▶ **What this task involves**
Your answer must be an exact copy of the records, with no pictures included.

'''

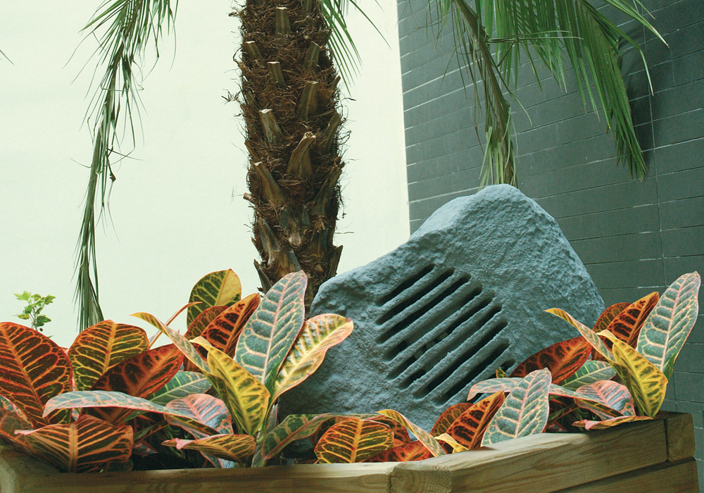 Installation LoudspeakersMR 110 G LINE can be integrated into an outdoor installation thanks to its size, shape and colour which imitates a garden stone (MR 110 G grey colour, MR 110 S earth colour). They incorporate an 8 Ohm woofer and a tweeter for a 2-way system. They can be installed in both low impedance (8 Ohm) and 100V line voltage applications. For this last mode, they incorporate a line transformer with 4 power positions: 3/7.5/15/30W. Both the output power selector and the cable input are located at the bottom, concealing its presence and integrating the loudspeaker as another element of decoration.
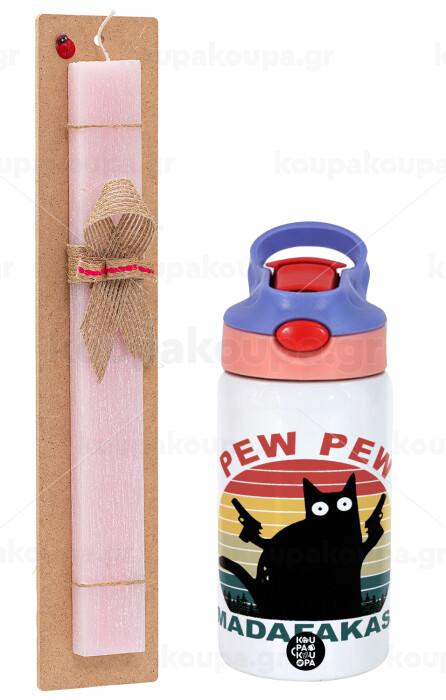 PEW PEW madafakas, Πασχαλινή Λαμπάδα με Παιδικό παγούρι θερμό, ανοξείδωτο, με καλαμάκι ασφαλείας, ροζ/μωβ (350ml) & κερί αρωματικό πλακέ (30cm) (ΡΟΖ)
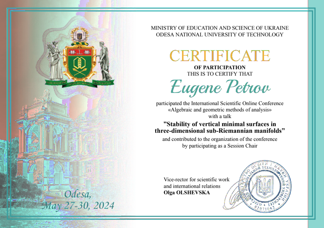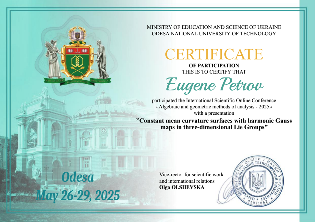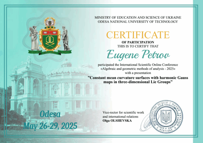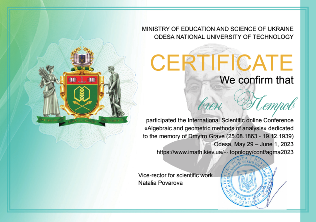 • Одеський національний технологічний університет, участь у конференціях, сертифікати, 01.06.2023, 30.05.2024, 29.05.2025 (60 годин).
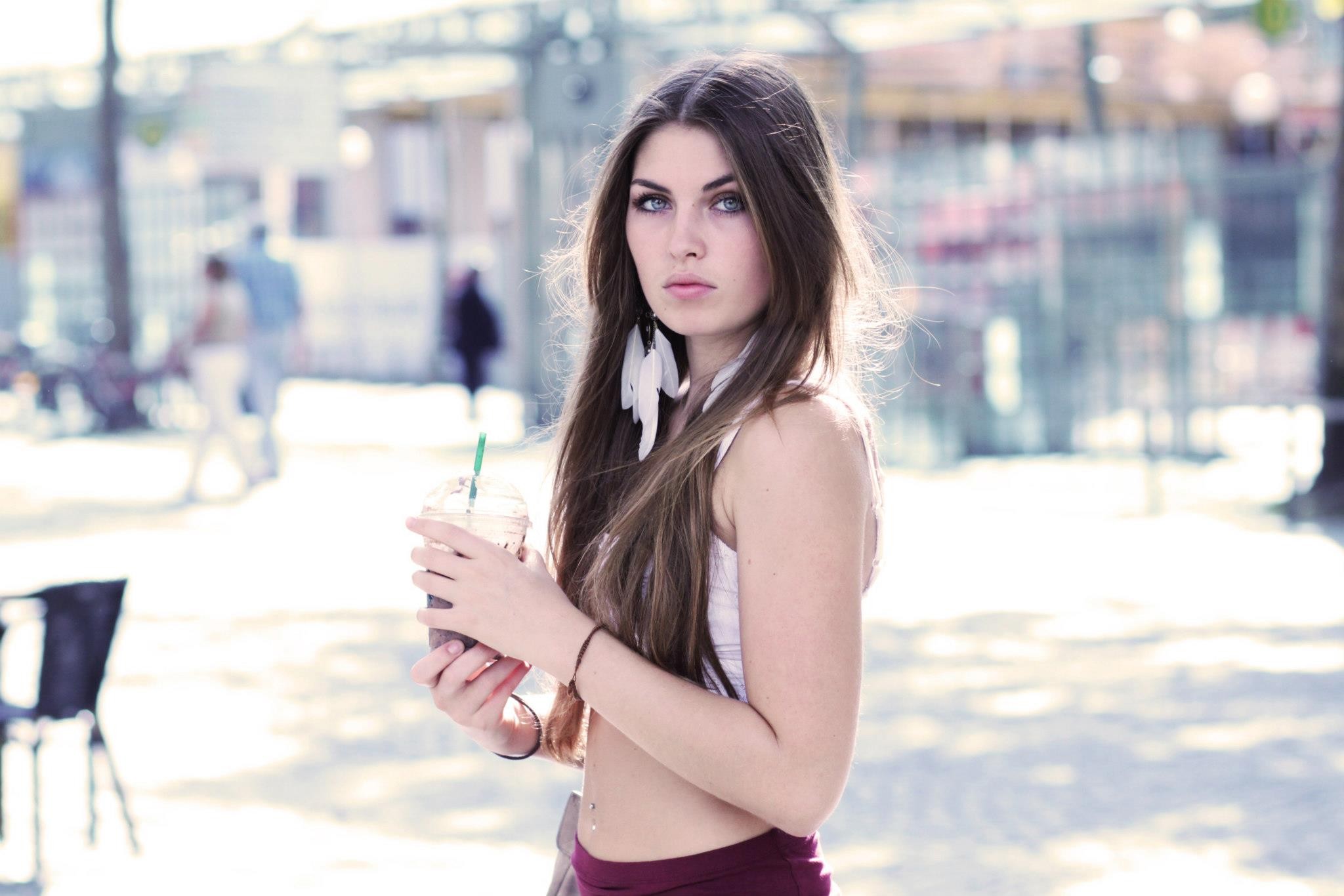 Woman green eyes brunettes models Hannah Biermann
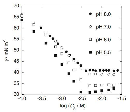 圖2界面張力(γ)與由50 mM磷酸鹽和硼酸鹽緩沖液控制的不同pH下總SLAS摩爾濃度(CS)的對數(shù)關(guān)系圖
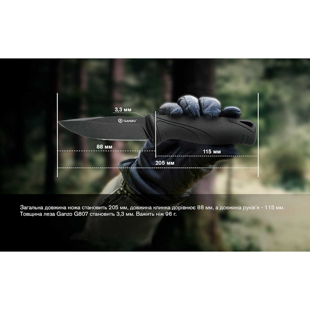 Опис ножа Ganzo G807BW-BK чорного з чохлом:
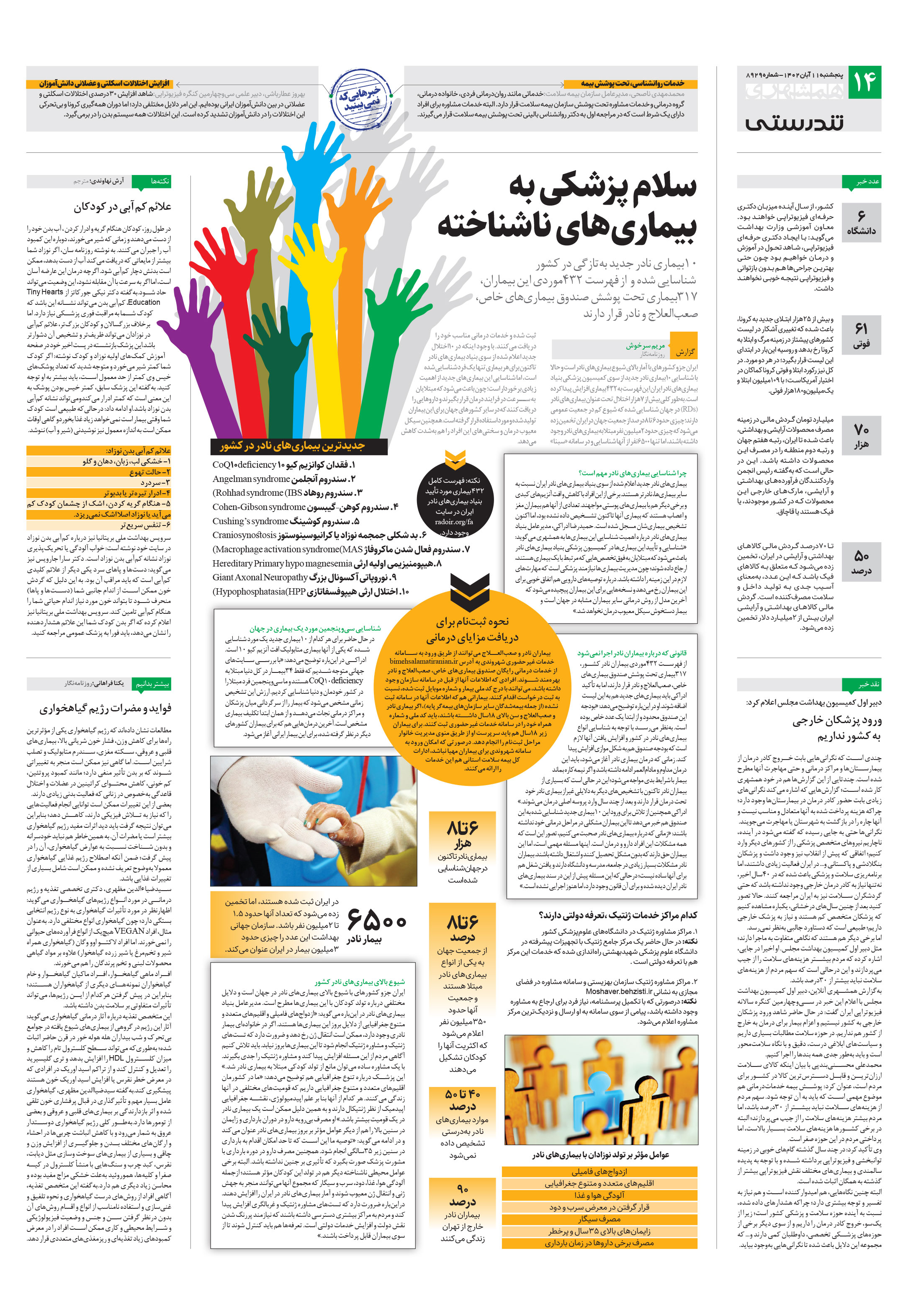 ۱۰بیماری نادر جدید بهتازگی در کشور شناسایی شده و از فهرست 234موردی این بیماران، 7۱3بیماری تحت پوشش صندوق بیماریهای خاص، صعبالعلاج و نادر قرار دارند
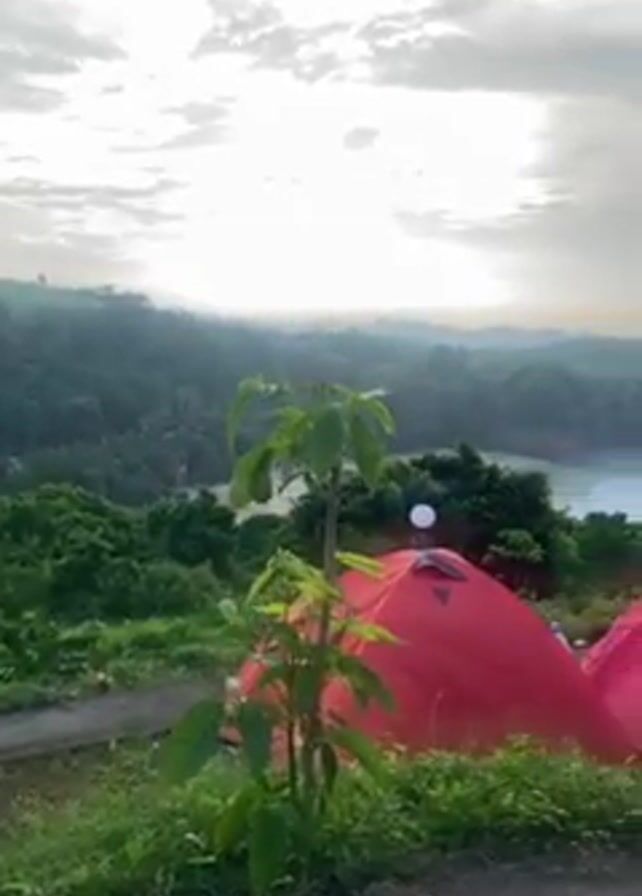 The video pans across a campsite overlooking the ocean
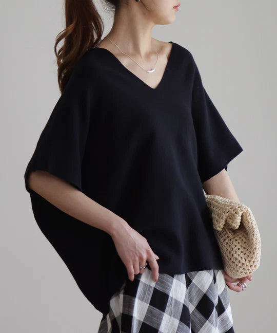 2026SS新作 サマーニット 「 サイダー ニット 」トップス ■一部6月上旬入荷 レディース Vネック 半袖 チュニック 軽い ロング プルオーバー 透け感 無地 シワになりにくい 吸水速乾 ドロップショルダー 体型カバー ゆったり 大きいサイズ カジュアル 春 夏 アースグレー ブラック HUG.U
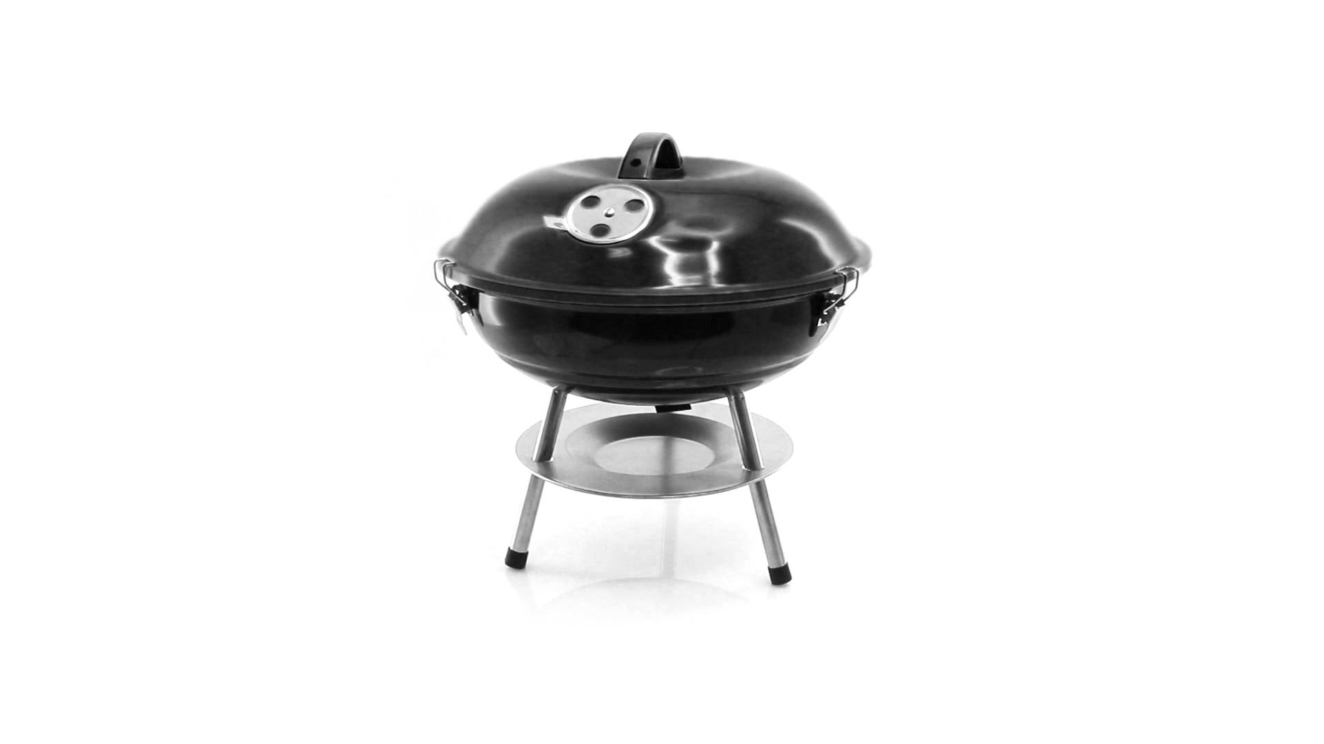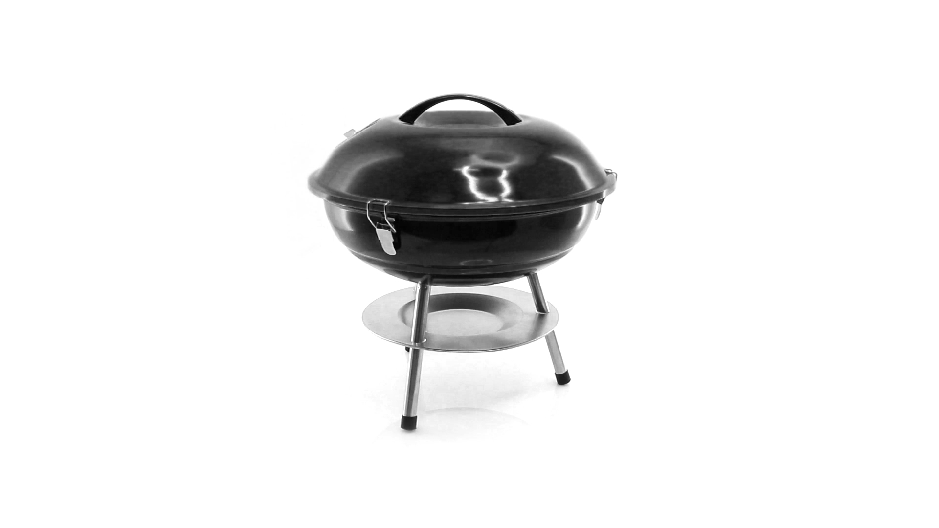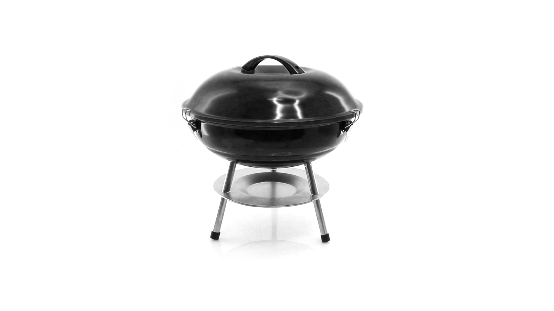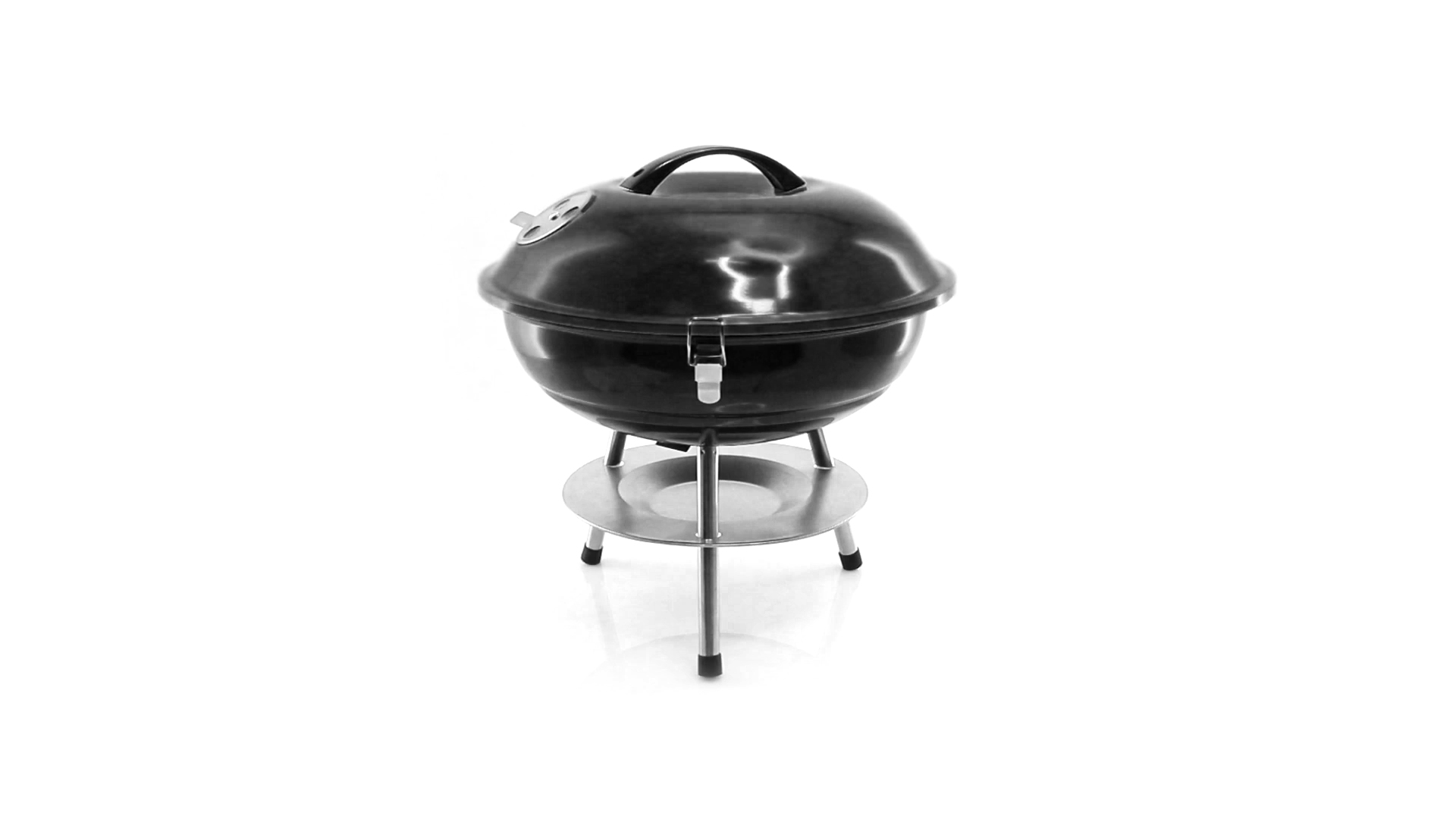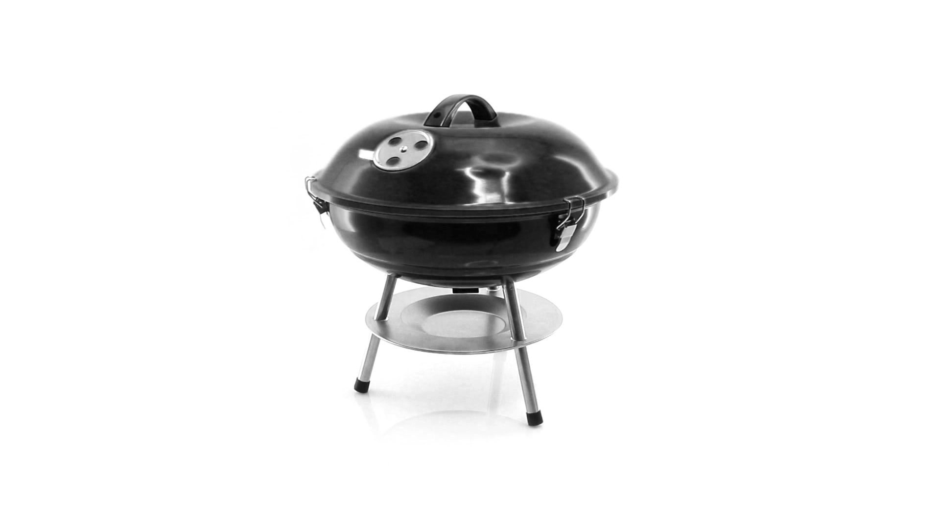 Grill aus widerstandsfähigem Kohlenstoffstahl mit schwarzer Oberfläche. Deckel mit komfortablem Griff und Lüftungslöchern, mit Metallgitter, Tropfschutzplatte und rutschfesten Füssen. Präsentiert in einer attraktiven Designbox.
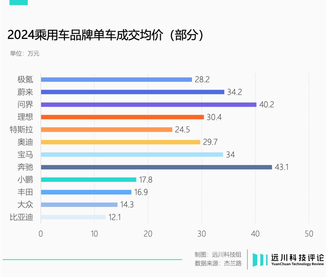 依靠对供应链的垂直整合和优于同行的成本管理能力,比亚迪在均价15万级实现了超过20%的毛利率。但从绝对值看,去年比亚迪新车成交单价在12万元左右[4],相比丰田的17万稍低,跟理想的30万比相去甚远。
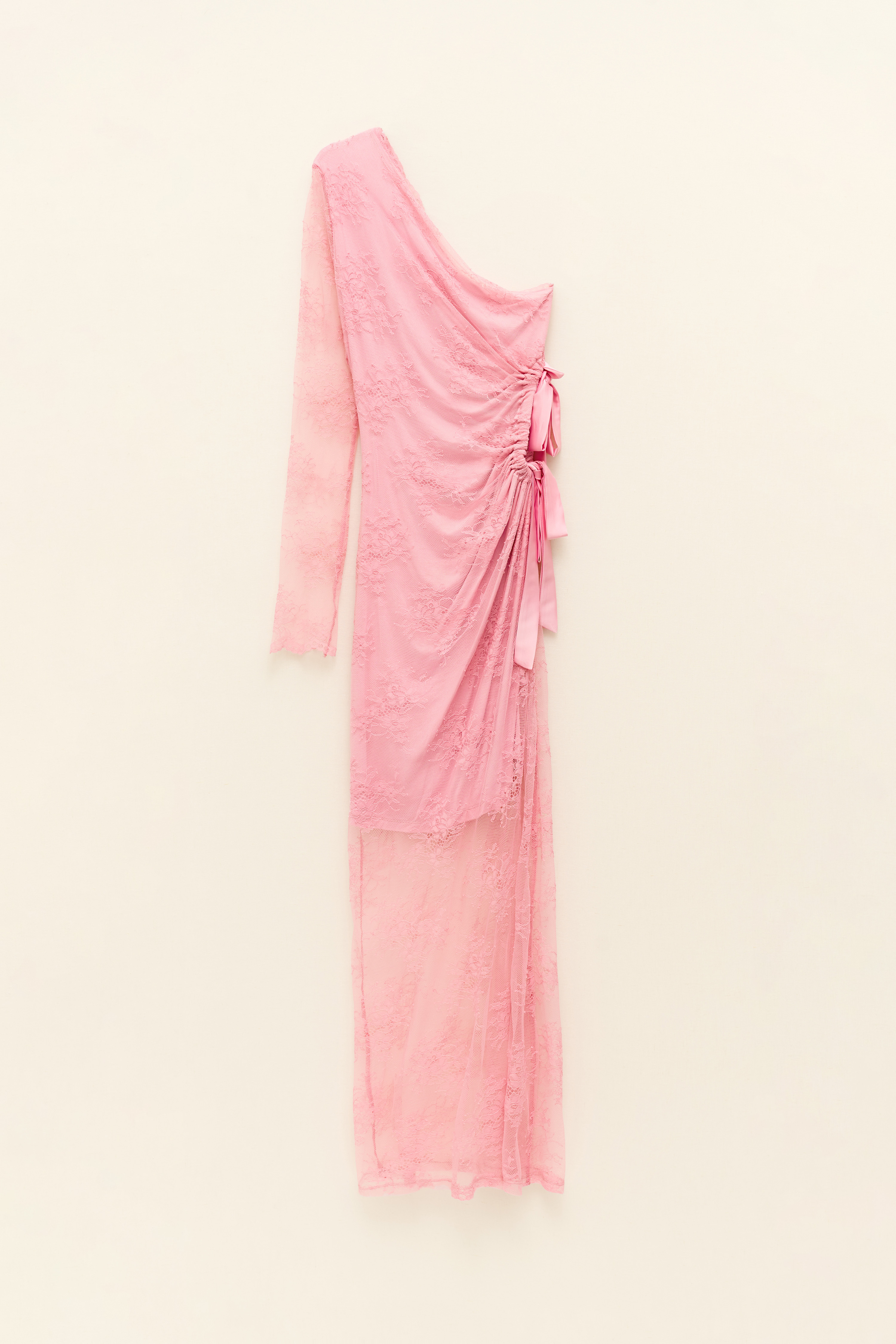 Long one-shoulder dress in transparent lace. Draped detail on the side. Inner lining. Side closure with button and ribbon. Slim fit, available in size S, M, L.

'''

▶ **Exercise solution**
 Installation LoudspeakersMR 110 G LINE can be integrated into an outdoor installation thanks to its size, shape and colour which imitates a garden stone (MR 110 G grey colour, MR 110 S earth colour). They incorporate an 8 Ohm woofer and a tweeter for a 2-way system. They can be installed in both low impedance (8 Ohm) and 100V line voltage applications. For this last mode, they incorporate a line transformer with 4 power positions: 3/7.5/15/30W. Both the output power selector and the cable input are located at the bottom, concealing its presence and integrating the loudspeaker as another element of decoration.
 PEW PEW madafakas, Πασχαλινή Λαμπάδα με Παιδικό παγούρι θερμό, ανοξείδωτο, με καλαμάκι ασφαλείας, ροζ/μωβ (350ml) & κερί αρωματικό πλακέ (30cm) (ΡΟΖ)
 • Одеський національний технологічний університет, участь у конференціях, сертифікати, 01.06.2023, 30.05.2024, 29.05.2025 (60 годин).
 Woman green eyes brunettes models Hannah Biermann
 圖2界面張力(γ)與由50 mM磷酸鹽和硼酸鹽緩沖液控制的不同pH下總SLAS摩爾濃度(CS)的對數(shù)關(guān)系圖
 Опис ножа Ganzo G807BW-BK чорного з чохлом:
 ۱۰بیماری نادر جدید بهتازگی در کشور شناسایی شده و از فهرست 234موردی این بیماران، 7۱3بیماری تحت پوشش صندوق بیماریهای خاص، صعبالعلاج و نادر قرار دارند
 The video pans across a campsite overlooking the ocean
 2026SS新作 サマーニット 「 サイダー ニット 」トップス ■一部6月上旬入荷 レディース Vネック 半袖 チュニック 軽い ロング プルオーバー 透け感 無地 シワになりにくい 吸水速乾 ドロップショルダー 体型カバー ゆったり 大きいサイズ カジュアル 春 夏 アースグレー ブラック HUG.U
 Grill aus widerstandsfähigem Kohlenstoffstahl mit schwarzer Oberfläche. Deckel mit komfortablem Griff und Lüftungslöchern, mit Metallgitter, Tropfschutzplatte und rutschfesten Füssen. Präsentiert in einer attraktiven Designbox.
 依靠对供应链的垂直整合和优于同行的成本管理能力,比亚迪在均价15万级实现了超过20%的毛利率。但从绝对值看,去年比亚迪新车成交单价在12万元左右[4],相比丰田的17万稍低,跟理想的30万比相去甚远。
 Long one-shoulder dress in transparent lace. Draped detail on the side. Inner lining. Side closure with button and ribbon. Slim fit, available in size S, M, L.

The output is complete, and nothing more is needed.